Their police escort had given up dropping gentle hints in favour of outright demands that Magdalena continue her search in the morning, but it took a threat from Adam to down tools before she capitulated. As Adam followed the path back to the main entrance, he found himself aching in places he hadn’t been aware he had muscles. His hands, knees and elbows were rubbed raw, his nails were torn and broken to the quick, and he had a foul headache from scrabbling in airless spaces and peering into holes as black as the grave. But what hurt most was the knowledge that their effort had been in vain. They had come up with precisely nothing.

‘I wish I’d been soaking in a hot bath for the last hour,’ he grumbled, stumbling in the uncertain torchlight.

‘You must have been brought up soft,’ Magdalena countered.

‘Is this is your idea of a fun day out?’

‘It would have been if we’d found the knight. There’s nothing like the excitement of an archaeological dig. Never knowing what or when you’re going to turn up something momentous.’ She stopped to speak to the warden who’d been watching for them from his living quarters. He handed her a package.

‘DVD’s of all the excavations that have taken place here in the last fifty years,’ he explained to Adam.

‘I can’t wait,’ Adam enthused insincerely.

Magdalena glared at Adam before thanking the warden. ‘It will be all right for us to come back in at six tomorrow?’

‘No hotel serves breakfast at that time in the morning,’ Adam protested.

‘We’ll eat here.’

‘The restaurant doesn’t open until ten,’ the warden warned.

‘We’ll have a chance to put in a few hours work in first. Thank you for your help, and goodnight.’

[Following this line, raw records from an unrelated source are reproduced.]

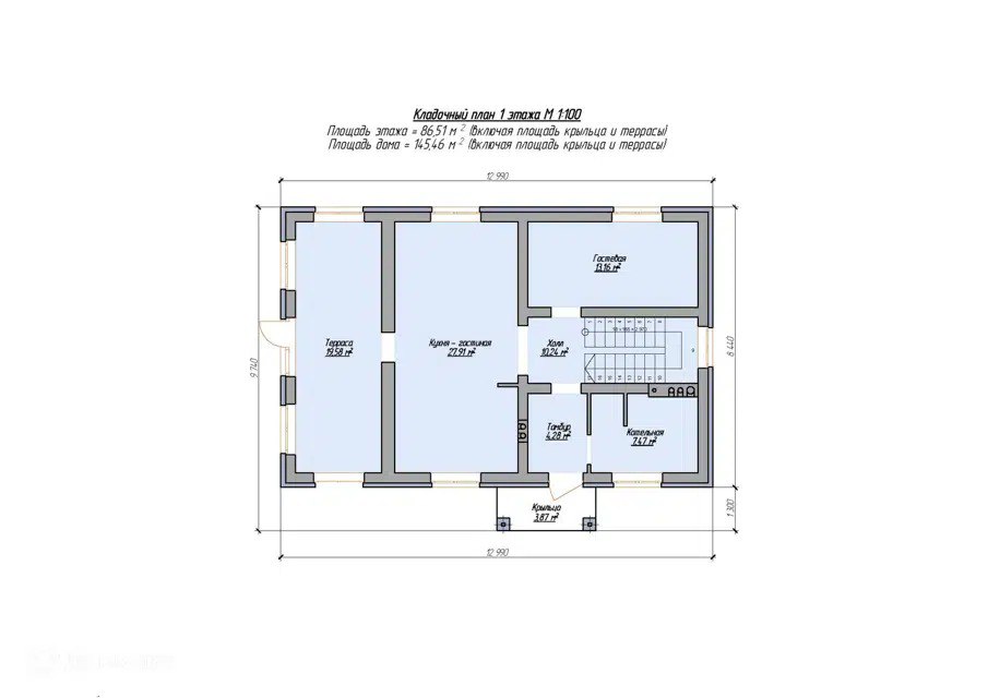 - Фундамент надёжности: площадь застройки — 114 м2. Дом стоит крепко, как дедушка на утренней зарядке.
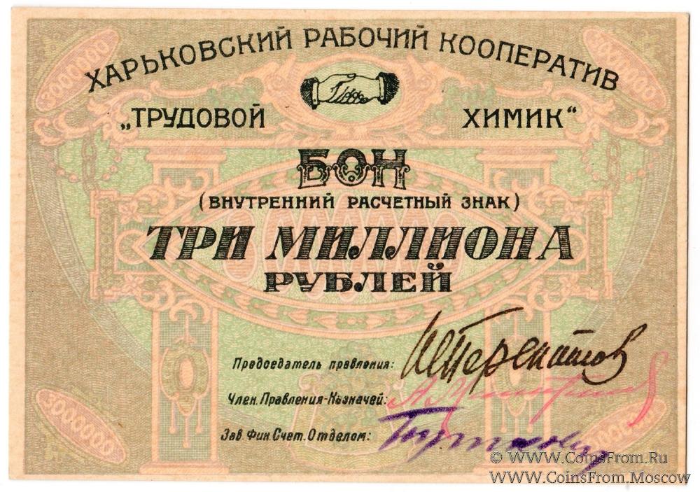Бон без даты. Харьковский Рабочий Кооператив "Трудовой Химик»".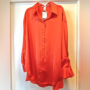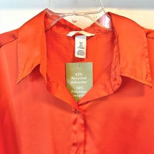 This H&M Satin Button Down Shirt Blouse is a beautiful Orange color, perfect for fall and super fun to wear! Brand new with tags. Very versatile. Wear long untucked like a tunic, with skinny jeans and high heels, or cinch it up and tie it at the waist for a flirty look. Oversized fit. Size Small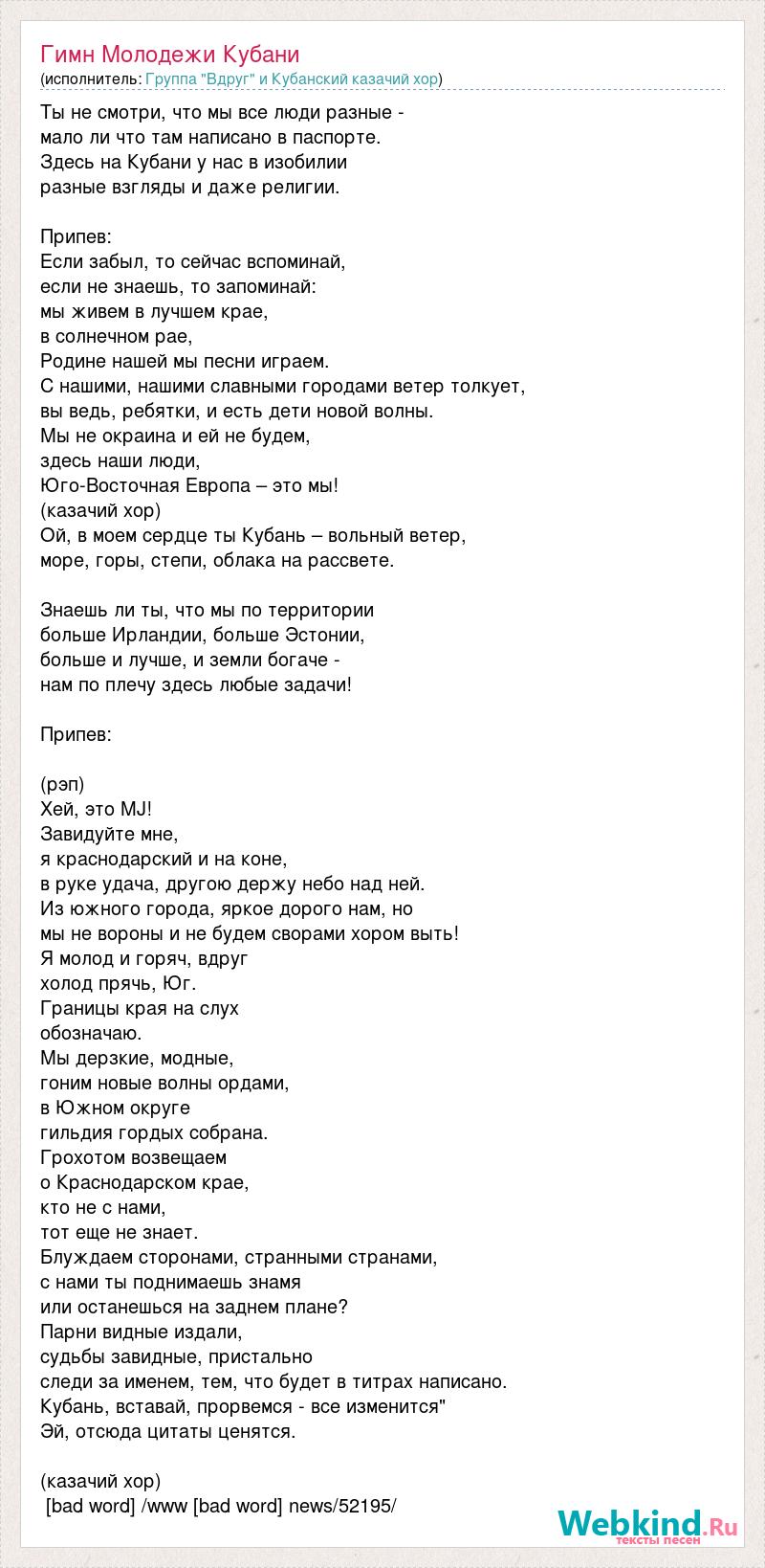Ты не смотри, что мы все люди разные - мало ли что там написано в паспорте. Здесь на Кубани у нас в изобилии разные взгляды и даже религии. Припев: Если забыл, то сейчас вспоминай, если не знаешь, то запоминай: мы живем в лучшем крае, в солнечном рае, Родине нашей мы песни играем. С нашими, нашими славными городами ветер толкует, вы ведь, ребятки, и есть дети новой волны. Мы не окраина и ей не будем, здесь наши люди, Юго-Восточная Европа – это мы! (казачий хор) Ой, в моем сердце ты Кубань – вольный ветер, море, горы, степи, облака на рассвете. Знаешь ли ты, что мы по территории больше Ирландии, больше Эстонии, больше и лучше, и земли богаче - нам по плечу здесь любые задачи! Припев: (рэп) Хей, это MJ! Завидуйте мне, я краснодарский и на коне, в руке удача, другою держу небо над ней. Из южного города, яркое дорого нам, но мы не вороны и не будем сворами хором выть! Я молод и горяч, вдруг холод прячь, Юг. Границы края на слух обозначаю. Мы дерзкие, модные, гоним новые волны ордами, в Южном округе гильдия гордых собрана. Грохотом возвещаем о Краснодарском крае, кто не с нами, тот еще не знает. Блуждаем сторонами, странными странами, с нами ты поднимаешь знамя или останешься на заднем плане? Парни видные издали, судьбы завидные, пристально следи за именем, тем, что будет в титрах написано. Кубань, вставай, прорвемся - все изменится" Эй, отсюда цитаты ценятся. (казачий хор) [bad word] /www [bad word] news/52195/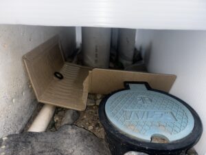 あとはパイプシャフトの下部が開口していたので鳥さんなどが掛からないようにプラダンで囲いまして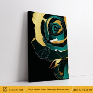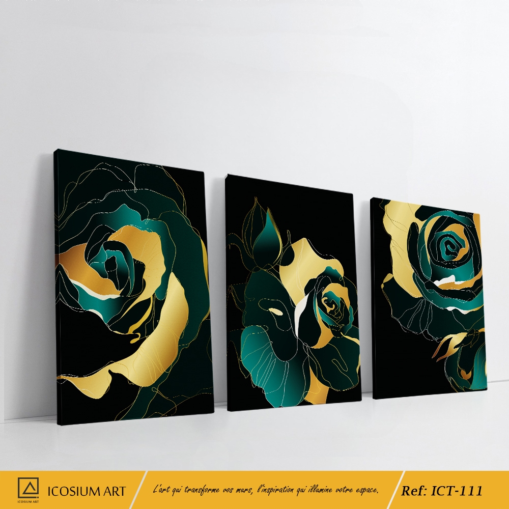 Trio décoratif élégent – roses abstraites aux pétales verts foncés & dorés, fond noir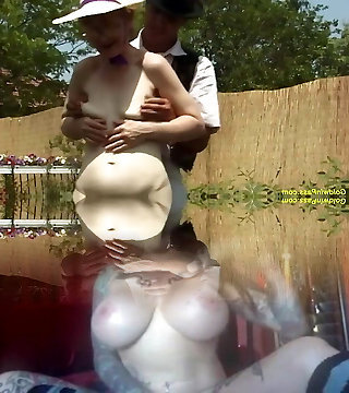 Naughty busty BBW mature wife plays with faux-cock on summer day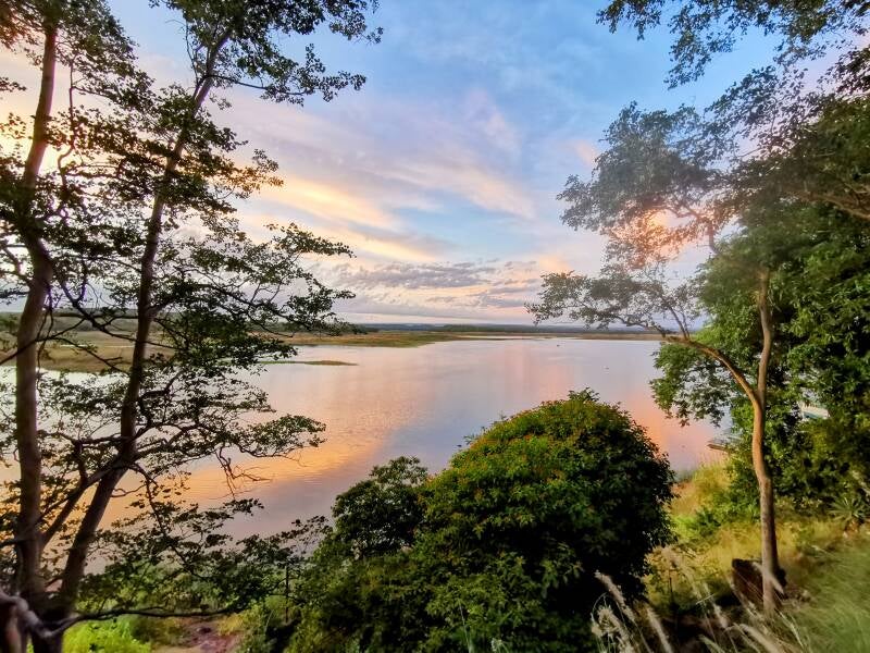 Vom Boot aus sehen wir Flusspferde, Krokodile, Büffel, Kudus und alle Arten von Vögeln. Nachdem die Hitze des Tages vorüber ist, können wir einen atemberaubenden Sonnenuntergang in lebendigen Farben genießen. Wir haben das Gefühl, der Natur besonders nahe zu sein.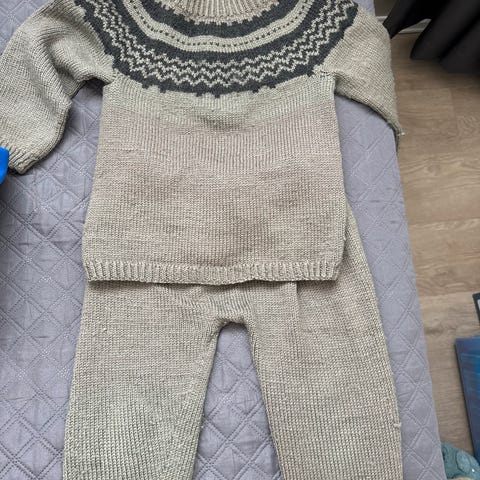 Håndstrikket sett, genser og bukse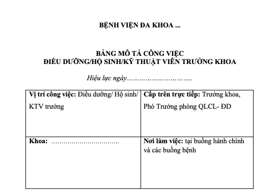 Tài liệu “Bản mô tả công việc Điều dưỡng/Hộ sinh/Kỹ thuật viên trưởng khoa” được xây dựng nhằm hỗ trợ các bệnh viện tham khảo trong quá trình hoàn thiện hệ thống mô tả công việc theo vị trí việc làm. Nội dung mô tả bao gồm chức năng, nhiệm vụ, quyền hạn, mối quan hệ công tác và yêu cầu năng lực đối với chức danh quản lý điều dưỡng cấp khoa, giúp chuẩn hóa và nâng cao chất lượng hoạt động chăm sóc người bệnh.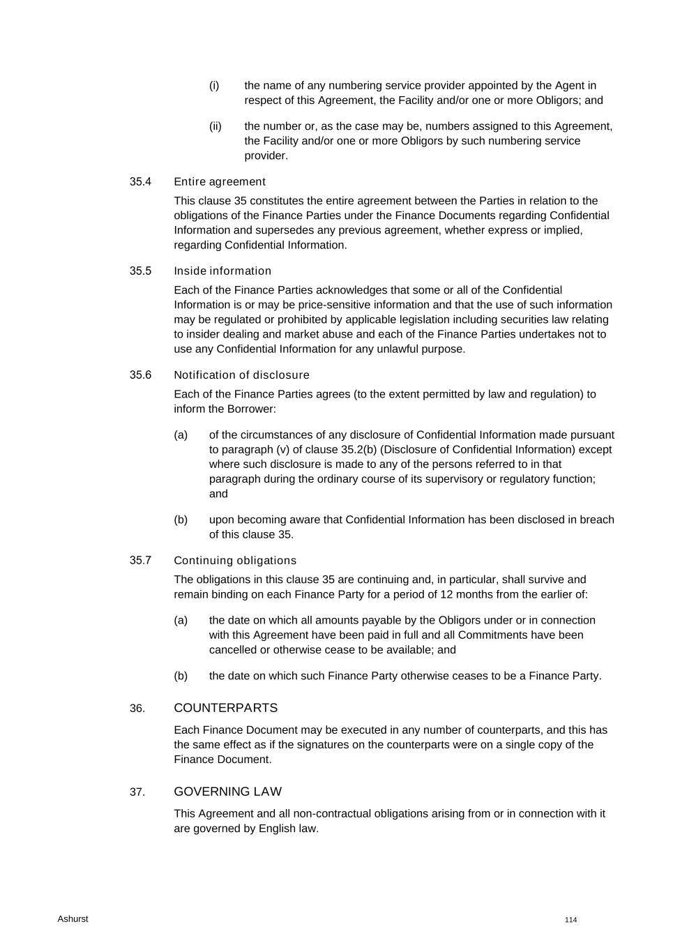 Ashurst 114 (i) the name of any numbering service provider appointed by the Agent in respect of this Agreement, the Facility and/or one or more Obligors; and (ii) the number or, as the case may be, numbers assigned to this Agreement, the Facility and/or one or more Obligors by such numbering service provider. Entire agreement This clause 35 constitutes the entire agreement between the Parties in relation to the obligations of the Finance Parties under the Finance Documents regarding Confidential Information and supersedes any previous agreement, whether express or implied, regarding Confidential Information. Inside information Each of the Finance Parties acknowledges that some or all of the Confidential Information is or may be price-sensitive information and that the use of such information may be regulated or prohibited by applicable legislation including securities law relating to insider dealing and market abuse and each of the Finance Parties undertakes not to use any Confidential Information for any unlawful purpose. Notification of disclosure Each of the Finance Parties agrees (to the extent permitted by law and regulation) to inform the Borrower: (a) of the circumstances of any disclosure of Confidential Information made pursuant to paragraph (v) of clause 35.2(b) (Disclosure of Confidential Information) except where such disclosure is made to any of the persons referred to in that paragraph during the ordinary course of its supervisory or regulatory function; and (b) upon becoming aware that Confidential Information has been disclosed in breach of this clause 35. Continuing obligations The obligations in this clause 35 are continuing and, in particular, shall survive and remain binding on each Finance Party for a period of 12 months from the earlier of: (a) the date on which all amounts payable by the Obligors under or in connection with this Agreement have been paid in full and all Commitments have been cancelled or otherwise cease to be available; and (b) the date on which such Finance Party otherwise ceases to be a Finance Party. 36. COUNTERPARTS Each Finance Document may be executed in any number of counterparts, and this has the same effect as if the signatures on the counterparts were on a single copy of the Finance Document. 37. GOVERNING LAW This Agreement and all non-contractual obligations arising from or in connection with it are governed by English law.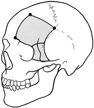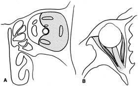 A burr hole is placed in the midline just above the orbital rim. This burr hole usually enters the frontal sinus. A second burr hole is placed anteriorly in the temporalis fossa at the junction of the cranium and orbit so that both compartments are exposed. Two or three additional holes are made in the frontal bone connecting the first two holes. The orbital rim is cut from the midline inferiorly, and the lateral orbital rim is cut from the temporalis fossa anteriorly. The dura is freed from the undersurface of the bone flap and is elevated superiorly, and the orbital roof is cracked off. The frontal bone, orbital roof, and supraorbital rim break off in one piece. The brain is retracted superiorly, and the remaining orbital roof is removed with bone rongeurs (see Fig. 14C). After removal of the bony roof, the periorbita is visible. Typically, the periorbita is thin, and the levator rectus muscle and frontal nerve are visible beneath it. If exposure of the posterior optic nerve is desired, the dura can be elevated over the optic canal. The canal can be unroofed to decompress or explore the optic nerve, and the dura may be opened to view the intracranial optic nerve and the chiasm. At the orbital apex, the annulus may be cut to allow more anterior dissection and removal of the optic nerve in cases such as optic nerve glioma or meningioma. Because the superior orbital fissure and its contents lie lateral to the nerve, the intraconal space is entered on the medial side of the optic nerve. The orbital dissection can be carried out with a minimal amount of brain retraction after the en bloc removal of the frontal bone, supraorbital rim, and orbital roof. After the dissection, the dura is closed and the frontal bone flap is plated or wired back into position (see Fig. 14D). The orbital roof is functionally restored with the replacement of the bone flap. The sinuses must be sealed off with muscle, pericranium, or other tissue. The coronal flap is closed in layers. The postoperative appearance is unchanged because the bone flap is replaced in one piece. Problems with globe ptosis, enophthalmos, pulsatile proptosis, or meningitis are rare. However, extensive mobilization of the temporalis may result in cosmetically significant temporal atrophy. Orbital apical dissection often results in extraocular motility dysfunction as a result of traction on the third, fourth, or sixth cranial nerves, but cranial nerve function usually recovers unless the nerves have been transected. Indications Transcranial orbitotomy provides access to the superior two-thirds of all the orbital compartments (Fig. 15). In some cases, the craniotomy is used only to provide access to the orbit that is otherwise not possible, such as biopsy of an orbital apex mass. Its primary use is for exploration of tumors involving the orbital apex, or large tumors extending above and medial to the optic nerve. The transcranial orbitotomy also is used as part of combined procedures for approaching tumors involving the orbit as well as the anterior and middle cranial fossae. Most commonly, this involves sphenoid wing meningioma resection.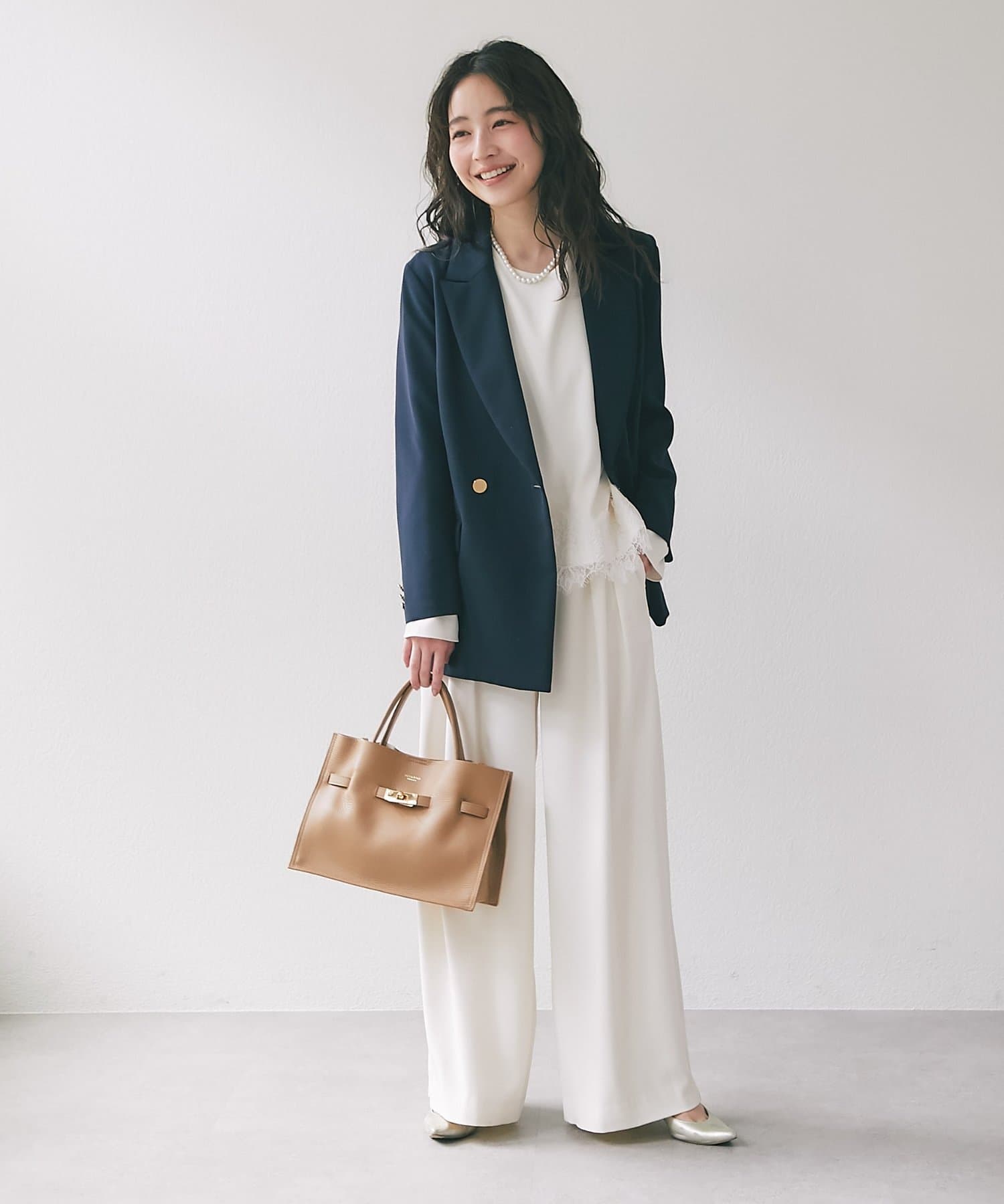 ボトムスは、大人気の美シルエットなワイドパンツ。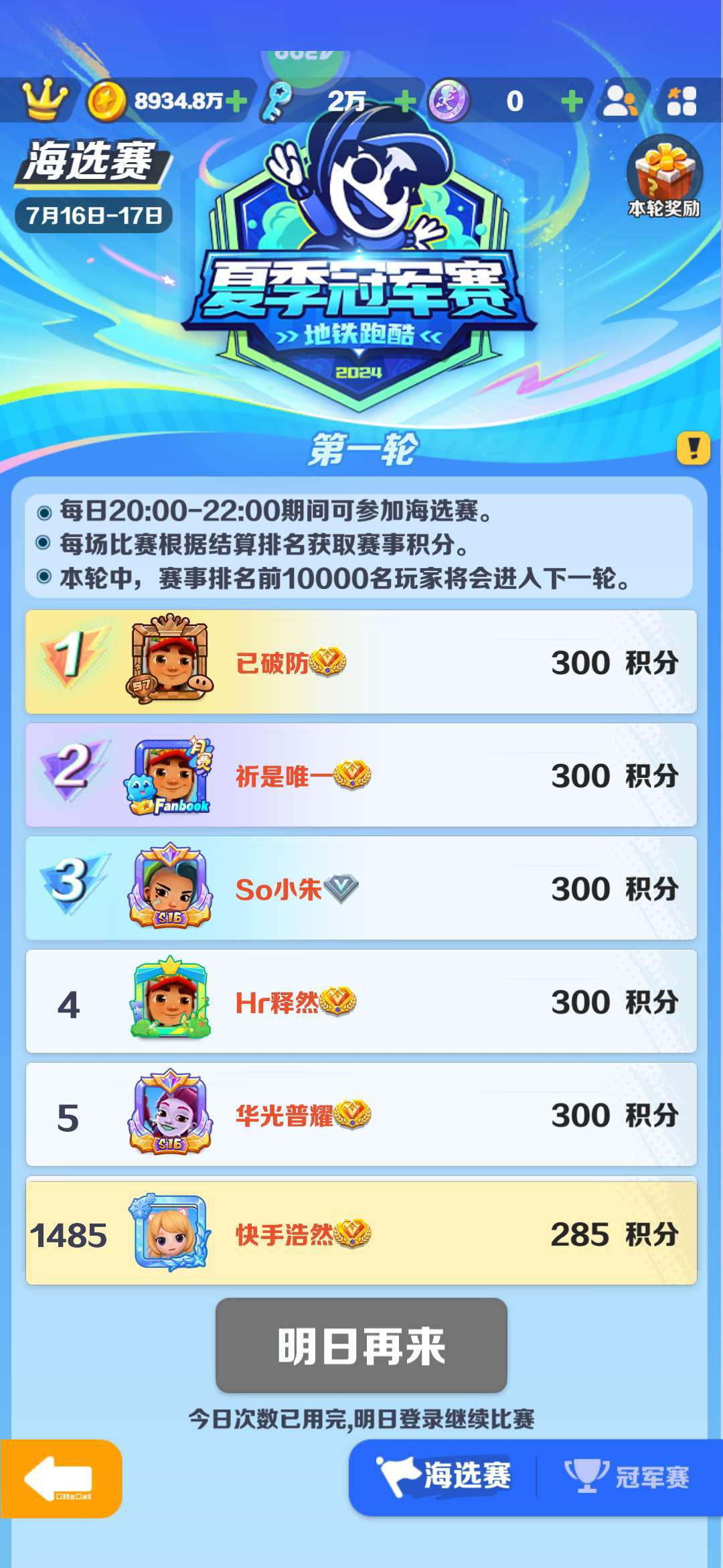 地铁跑酷分数赛就是好玩

Adam nodded to the warden before following Magdalena across the floodlit car park. ‘Hasn’t it occurred to you that we might be too late for dinner as it is?’

‘All you ever think about is food.’

‘All I’ve had today is two cups of coffee and a roll I stole from Josef’s plate.’

‘Knowing Josef, he will have booked us into an expensive hotel that caters for German and American tourists. They’ll have room service.’ She stopped next to the police car. ‘We can eat while we watch these.’ She climbed in and laid the package of DVD’s on the seat between them.

‘My mother warned me never to watch television while I eat. It interferes with the digestion.’

‘Then we’ll watch them afterwards.’

‘How long are they?’

‘Tired?’ she mocked.

‘First you deprive me of food, now you want to deprive me of sleep. Well, there’s one thing I’m not going to do without, and that’s my bath.’

‘I’ll give you half an hour.’ They sped from the darkness of the forest road towards the brightly lit facade of a modern hotel.

‘That long?’

‘I need half an hour to shower and telephone the boys.’

‘Not everyone moves at your speed. I doubt they’ll be in America yet.’

She glanced at her watch. ‘They should have landed two hours ago. Your housekeeper gave me the number of your grandfather’s security guards.’

‘Why do you always have to be so efficient?’ he griped as they drew up outside the main entrance. He waited for their police escort to make a move before prising himself painfully out of the back seat.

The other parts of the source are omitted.